Extended Data Figure 5
Extended Data Figure 5. West Eurasian related admixture in East Africa, Eastern Eurasia and South Asia
(a) Levantine ancestry in Eastern Africa in the Human Origins dataset, (b) Levantine ancestry in different Eastern African population in the dataset of Pagani et al. (2012); the remainder of the ancestry is a clade with Mota, a ~4,500 year old sample from Ethiopia. (c) EHG ancestry in Eastern Eurasians, or (d) Afontova Gora (AG2) ancestry in Eastern Eurasians; the remainder of their ancestry is a clade with Onge. (e) Mixture proportions for South Asian populations showing that they can be modelled as having West Eurasian-related ancestry similar to that in populations from both the Eurasian steppe and Iran.
Extended Data Figure 6
Extended Data Figure 6
Inferred position of ancient populations in West Eurasian PCA according to the model of Fig. 4.
Extended Data Figure 7
Extended Data Figure 7. Admixture from ghost populations using ‘cline intersection’

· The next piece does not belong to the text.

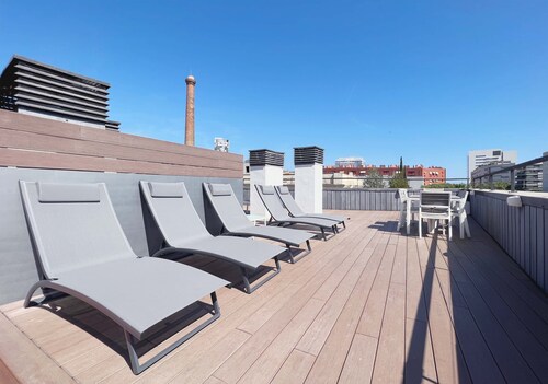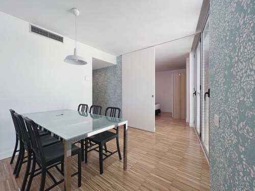 サン マルチに位置するこのアパートメントは、アヴィングダ・ディアゴナルおよびバルセロナ インターナショナル コンベンション センターから徒歩 15 分圏内です。バルセロネータ ビーチおよびサグラダ ファミリア (教会)も 5 km 圏内です。地下鉄 セルバ デ マル駅まで徒歩 7 分、フルビア トラム停留所まで徒歩 7 分です。 この禁煙のアパートメントには、ルーフトップテラス、エクスプレス チェックアウト、および共用エリアでの WiFi (無料)があります。 アパートメントでは、冷蔵庫とオーブン、コンロ、電子レンジが備わったキッチンをご利用いただけます。エンターテインメント設備として、デジタル放送付きのテレビがあるほか、便利な洗濯機、ダイニング スペースもご利用いただけます。

We model each Test population (purple) in panels (a-f) as a mixture (pink) of a fixed reference population (blue) and a ghost population (orange) residing on the cline defined by two other populations (red and green) according to the visualization method of Supplementary Information, section 10. (a) Early/Middle Bronze Age steppe populations are a mixture of Iran_ChL and a population on the WHG→SHG cline. (b) Scandinavian hunter-gatherers (SHG) are a mixture of WHG and a population on the Iran_ChL→Steppe_EMBA cline. (c) Caucasus hunter-gatherers (CHG) are a mixture of Iran_N and both WHG and EHG. (d) Late Neolithic/Bronze Age Europeans are a mixture of the preceding Europe_MNChL population and a population with both EHG and Iran_ChL ancestry. (e) Somali are a mixture of Mota and a population on the Iran_ChL→Levant_BA cline. (f) Eastern European hunter-gatherers (EHG) are a mixture of WHG and a population on the Onge→Han cline.
Extended Data Figure 8
Extended Data Figure 8. Admixture from a ‘ghost’ ANE population into both European and Eastern Eurasian ancestry
EHG, and Upper Paleolithic Siberians Mal'ta 1 (MA1) and Afontova Gora 2 (AG2) are positioned near the intersection of clines formed by European hunter-gatherers (WHG, SHG, EHG) and Eastern non-Africans in the space of outgroup f3-statistics of the form f3(Mbuti; Papuan, Test) and f3(Mbuti; Switzerland_HG, Test).
Figure 1
Figure 1. Genetic structure of ancient West Eurasia
(a) Sampling locations and times in six regions. Sample sizes for each population are given below each bar. Abbreviations used: E: Early, M: Middle, L: Late, HG: Hunter-Gatherer, N: Neolithic, ChL: Chalcolithic, BA: Bronze Age, IA: Iron Age. (b) Principal components analysis of 991 present-day West Eurasians (grey points) with 278 projected ancient samples (excluding the Upper Paleolithic Ust’-Ishim, Kostenki14, and MA1). To avoid visual clutter, population labels of present-day individuals are shown in Extended Data Fig. 1.
Figure 2
Figure 2. Basal Eurasian ancestry explains the reduced Neanderthal admixture in West Eurasians
Basal Eurasian ancestry estimates are negatively correlated to a statistic measuring Neanderthal ancestry f4(Test, Mbuti; Altai, Denisovan).
Figure 3
Figure 3. Genetic differentiation and its dramatic decrease over time in West Eurasia
Pairwise FST distribution among populations belonging to four successive time slices in West Eurasia; the median (red) and range of FST is shown.
Figure 4
Figure 4. Modelling ancient West Eurasians, East Africans, East Eurasians and South Asians
(a) All the ancient populations can be modelled as mixtures of two or three other populations and up to four proximate sources (marked in colour). Mixture proportions inferred by qpAdm are indicated by the incoming arrows to each population. Clouds represent sets of more than one population. Multiple admixture solutions are consistent with the data for some populations, and while only one solution is shown here, Supplementary Information, section 7 presents the others. (b) A flat representation of the graph showing mixture proportions from the four proximate sources.